Omit every picture, then return the listing verbatim.

Source data:
##############################
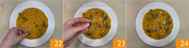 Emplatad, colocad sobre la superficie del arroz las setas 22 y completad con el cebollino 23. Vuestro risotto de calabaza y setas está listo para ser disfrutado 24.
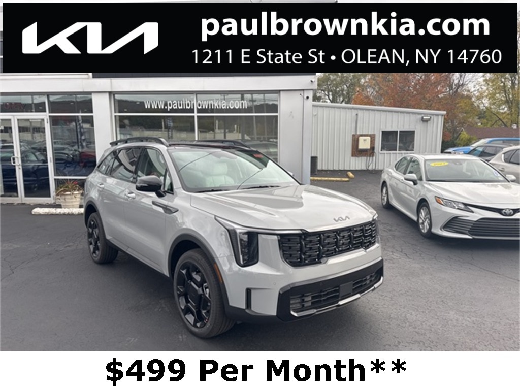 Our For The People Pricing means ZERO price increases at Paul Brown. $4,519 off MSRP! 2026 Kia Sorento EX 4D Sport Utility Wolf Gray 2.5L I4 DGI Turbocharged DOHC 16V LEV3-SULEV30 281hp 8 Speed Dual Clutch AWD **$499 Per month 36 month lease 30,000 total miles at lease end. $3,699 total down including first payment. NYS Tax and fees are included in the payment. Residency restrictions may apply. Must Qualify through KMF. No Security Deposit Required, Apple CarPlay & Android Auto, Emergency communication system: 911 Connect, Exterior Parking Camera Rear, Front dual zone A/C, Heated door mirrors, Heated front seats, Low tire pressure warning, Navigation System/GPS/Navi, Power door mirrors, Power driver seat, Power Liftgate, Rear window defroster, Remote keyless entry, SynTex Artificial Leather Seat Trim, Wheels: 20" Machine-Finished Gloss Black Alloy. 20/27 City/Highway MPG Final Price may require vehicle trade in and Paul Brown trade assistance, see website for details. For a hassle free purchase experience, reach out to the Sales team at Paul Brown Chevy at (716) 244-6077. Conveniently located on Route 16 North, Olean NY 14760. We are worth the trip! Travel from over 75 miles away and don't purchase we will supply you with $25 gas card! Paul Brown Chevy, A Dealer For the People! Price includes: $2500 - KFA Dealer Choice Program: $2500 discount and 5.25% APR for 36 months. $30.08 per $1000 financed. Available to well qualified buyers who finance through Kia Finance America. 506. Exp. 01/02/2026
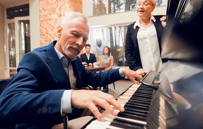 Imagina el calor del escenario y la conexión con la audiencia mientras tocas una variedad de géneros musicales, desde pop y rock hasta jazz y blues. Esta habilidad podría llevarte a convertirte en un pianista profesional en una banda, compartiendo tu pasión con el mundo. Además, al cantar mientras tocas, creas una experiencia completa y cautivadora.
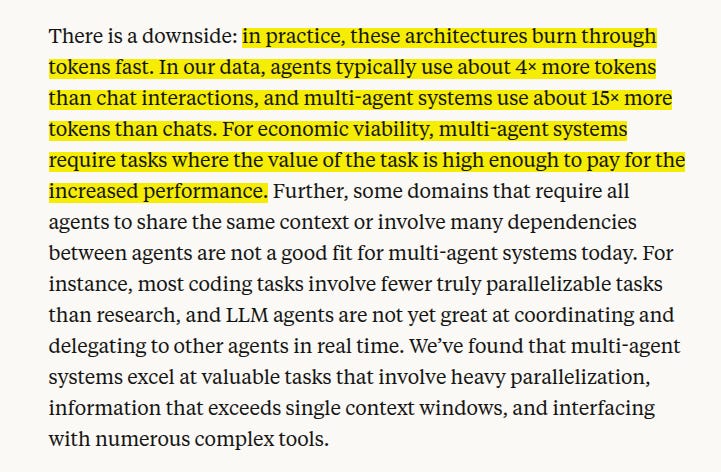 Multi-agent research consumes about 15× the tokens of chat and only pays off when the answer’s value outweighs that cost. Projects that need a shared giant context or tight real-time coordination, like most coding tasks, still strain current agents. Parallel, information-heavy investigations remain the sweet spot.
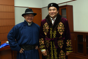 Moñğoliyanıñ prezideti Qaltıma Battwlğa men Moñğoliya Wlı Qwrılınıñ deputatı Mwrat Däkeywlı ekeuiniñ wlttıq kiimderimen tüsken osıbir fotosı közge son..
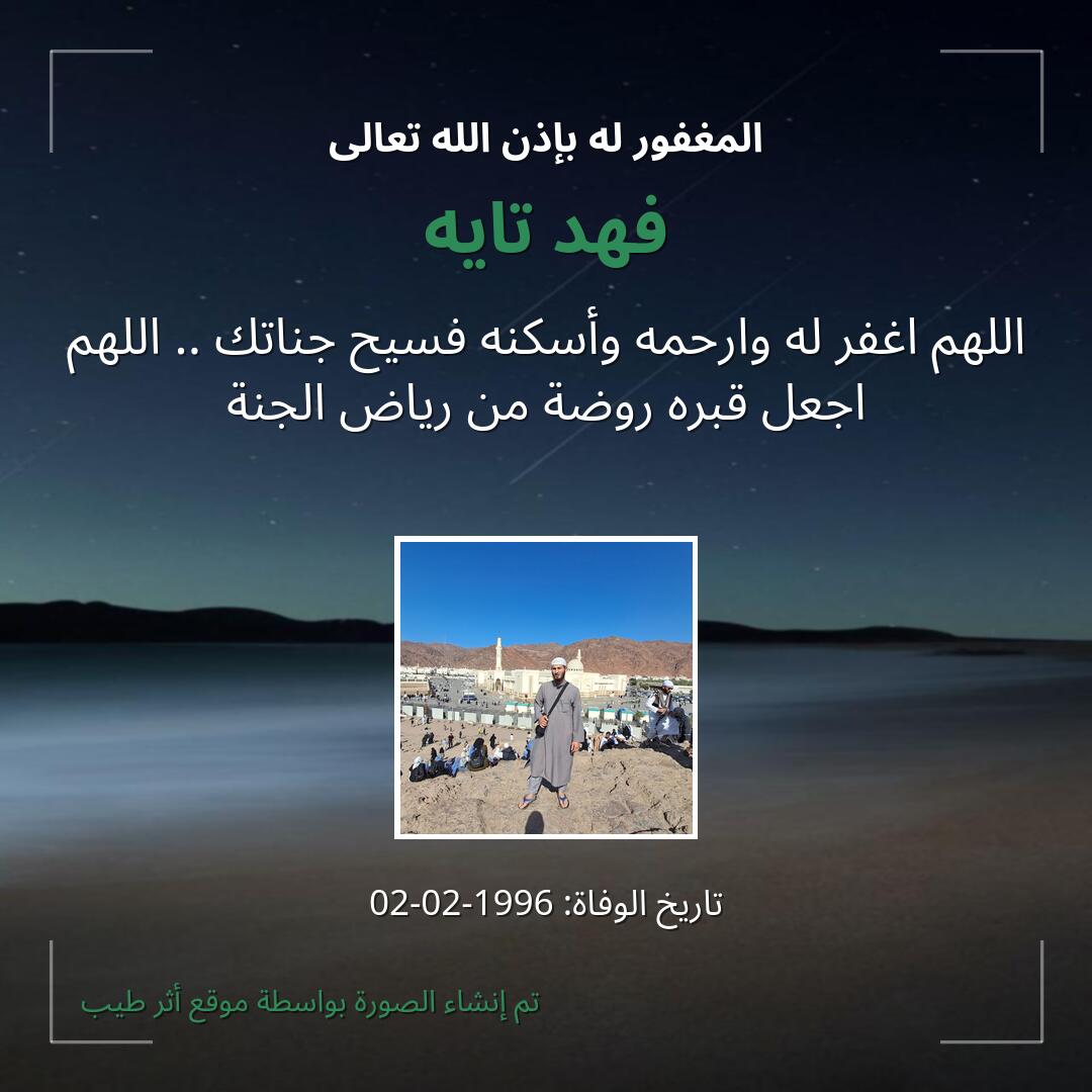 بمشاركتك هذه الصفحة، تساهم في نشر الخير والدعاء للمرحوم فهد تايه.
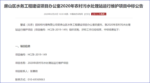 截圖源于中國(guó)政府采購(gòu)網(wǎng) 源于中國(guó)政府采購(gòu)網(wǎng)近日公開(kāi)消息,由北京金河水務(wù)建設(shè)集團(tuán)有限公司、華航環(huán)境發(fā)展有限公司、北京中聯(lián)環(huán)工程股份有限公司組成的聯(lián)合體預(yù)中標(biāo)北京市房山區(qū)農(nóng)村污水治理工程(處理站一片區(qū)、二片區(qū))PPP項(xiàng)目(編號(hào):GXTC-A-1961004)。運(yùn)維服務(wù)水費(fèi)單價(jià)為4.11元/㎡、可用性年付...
##############################
Solved exercise:
 Emplatad, colocad sobre la superficie del arroz las setas 22 y completad con el cebollino 23. Vuestro risotto de calabaza y setas está listo para ser disfrutado 24.
 Our For The People Pricing means ZERO price increases at Paul Brown. $4,519 off MSRP! 2026 Kia Sorento EX 4D Sport Utility Wolf Gray 2.5L I4 DGI Turbocharged DOHC 16V LEV3-SULEV30 281hp 8 Speed Dual Clutch AWD **$499 Per month 36 month lease 30,000 total miles at lease end. $3,699 total down including first payment. NYS Tax and fees are included in the payment. Residency restrictions may apply. Must Qualify through KMF. No Security Deposit Required, Apple CarPlay & Android Auto, Emergency communication system: 911 Connect, Exterior Parking Camera Rear, Front dual zone A/C, Heated door mirrors, Heated front seats, Low tire pressure warning, Navigation System/GPS/Navi, Power door mirrors, Power driver seat, Power Liftgate, Rear window defroster, Remote keyless entry, SynTex Artificial Leather Seat Trim, Wheels: 20" Machine-Finished Gloss Black Alloy. 20/27 City/Highway MPG Final Price may require vehicle trade in and Paul Brown trade assistance, see website for details. For a hassle free purchase experience, reach out to the Sales team at Paul Brown Chevy at (716) 244-6077. Conveniently located on Route 16 North, Olean NY 14760. We are worth the trip! Travel from over 75 miles away and don't purchase we will supply you with $25 gas card! Paul Brown Chevy, A Dealer For the People! Price includes: $2500 - KFA Dealer Choice Program: $2500 discount and 5.25% APR for 36 months. $30.08 per $1000 financed. Available to well qualified buyers who finance through Kia Finance America. 506. Exp. 01/02/2026
 Imagina el calor del escenario y la conexión con la audiencia mientras tocas una variedad de géneros musicales, desde pop y rock hasta jazz y blues. Esta habilidad podría llevarte a convertirte en un pianista profesional en una banda, compartiendo tu pasión con el mundo. Además, al cantar mientras tocas, creas una experiencia completa y cautivadora.
 Multi-agent research consumes about 15× the tokens of chat and only pays off when the answer’s value outweighs that cost. Projects that need a shared giant context or tight real-time coordination, like most coding tasks, still strain current agents. Parallel, information-heavy investigations remain the sweet spot.
 Moñğoliyanıñ prezideti Qaltıma Battwlğa men Moñğoliya Wlı Qwrılınıñ deputatı Mwrat Däkeywlı ekeuiniñ wlttıq kiimderimen tüsken osıbir fotosı közge son..
 بمشاركتك هذه الصفحة، تساهم في نشر الخير والدعاء للمرحوم فهد تايه.
 截圖源于中國(guó)政府采購(gòu)網(wǎng) 源于中國(guó)政府采購(gòu)網(wǎng)近日公開(kāi)消息,由北京金河水務(wù)建設(shè)集團(tuán)有限公司、華航環(huán)境發(fā)展有限公司、北京中聯(lián)環(huán)工程股份有限公司組成的聯(lián)合體預(yù)中標(biāo)北京市房山區(qū)農(nóng)村污水治理工程(處理站一片區(qū)、二片區(qū))PPP項(xiàng)目(編號(hào):GXTC-A-1961004)。運(yùn)維服務(wù)水費(fèi)單價(jià)為4.11元/㎡、可用性年付...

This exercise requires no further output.